Your copy runs from the line containing "Сотрудники Департамента государственного" through the last line of the listing, both included. Restate those lines word for word and leave out pictures.

*** Opening Information shown ***

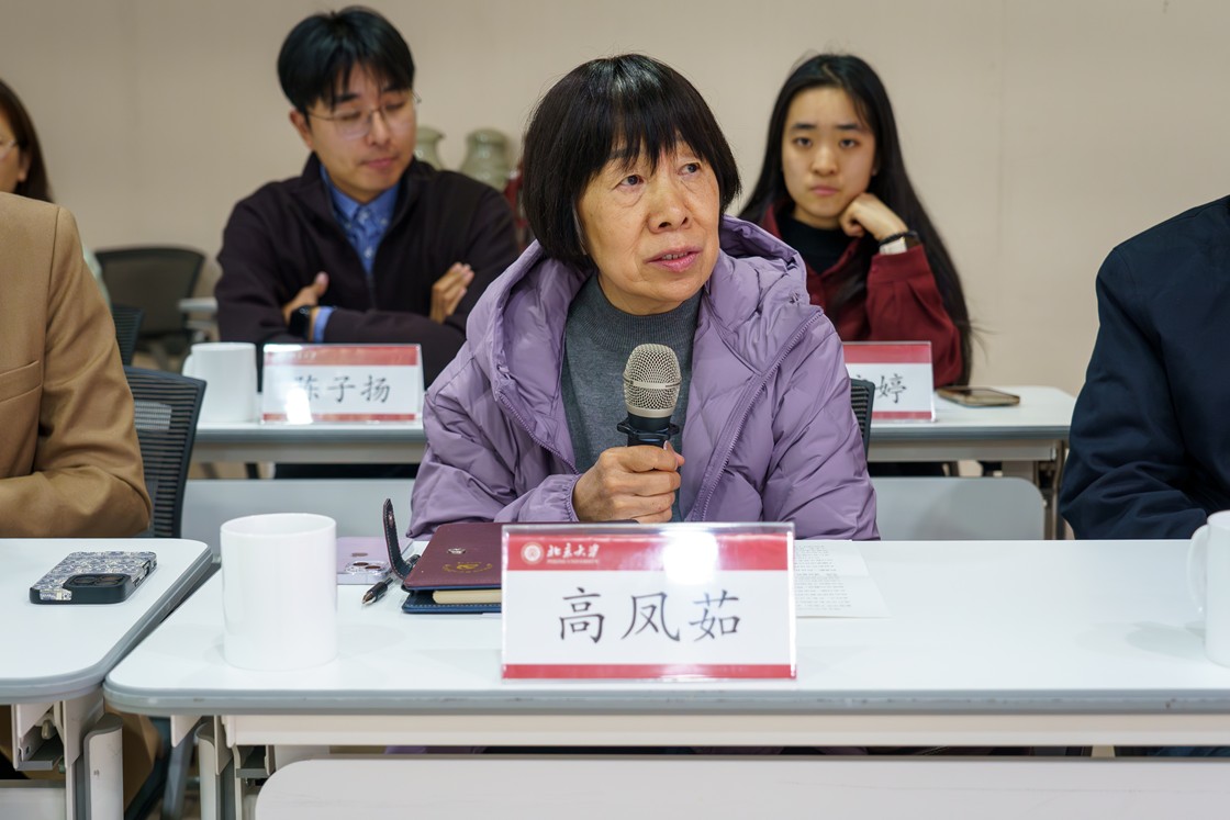 高凤茹、于龙川作为学院离退休教师代表分别进行了发言。高凤茹从一个动人的故事出发,讲述了学院一位离退休老教师突发疾病,其家属向学院求助,学院迅速响应,为老教师提供及时有效帮助的故事,体现了学院将对老教师的关心真正落到了实处。于龙川则结合他退休后深耕教学一线的经历,讲述了他仍坚持活跃在北大校内外的讲台,积极指导研究生,将毕生所学倾囊相授的故事。他以实际行动诠释了何为“主动作为”,展现了学院老教师退而不休、始终心系下一代成长的高尚情怀。
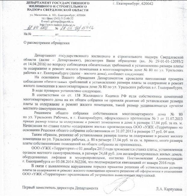 Сотрудники Департамента государственного жилищного и строительного надзора (ГЖИСН), выявив нарушения жилищного законодательства, выдали ООО «УЖК «Территория» предписание от 25 апреля 2016 года об их устранении. В соответствии с данным документом, до 15 июня УК Дмитрия Сеня должна была начислять плату по тарифу, утвержденному жителями, – по ставке 17,04 руб., а также сделать перерасчет.
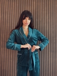 Велюровий домашній комплект на запах із штанами – м’який і приємний до тіла, ідеальний для затишного відпочинку вдома.

*** Closing Information shown ***

Solution for this problem:
 Сотрудники Департамента государственного жилищного и строительного надзора (ГЖИСН), выявив нарушения жилищного законодательства, выдали ООО «УЖК «Территория» предписание от 25 апреля 2016 года об их устранении. В соответствии с данным документом, до 15 июня УК Дмитрия Сеня должна была начислять плату по тарифу, утвержденному жителями, – по ставке 17,04 руб., а также сделать перерасчет.
 Велюровий домашній комплект на запах із штанами – м’який і приємний до тіла, ідеальний для затишного відпочинку вдома.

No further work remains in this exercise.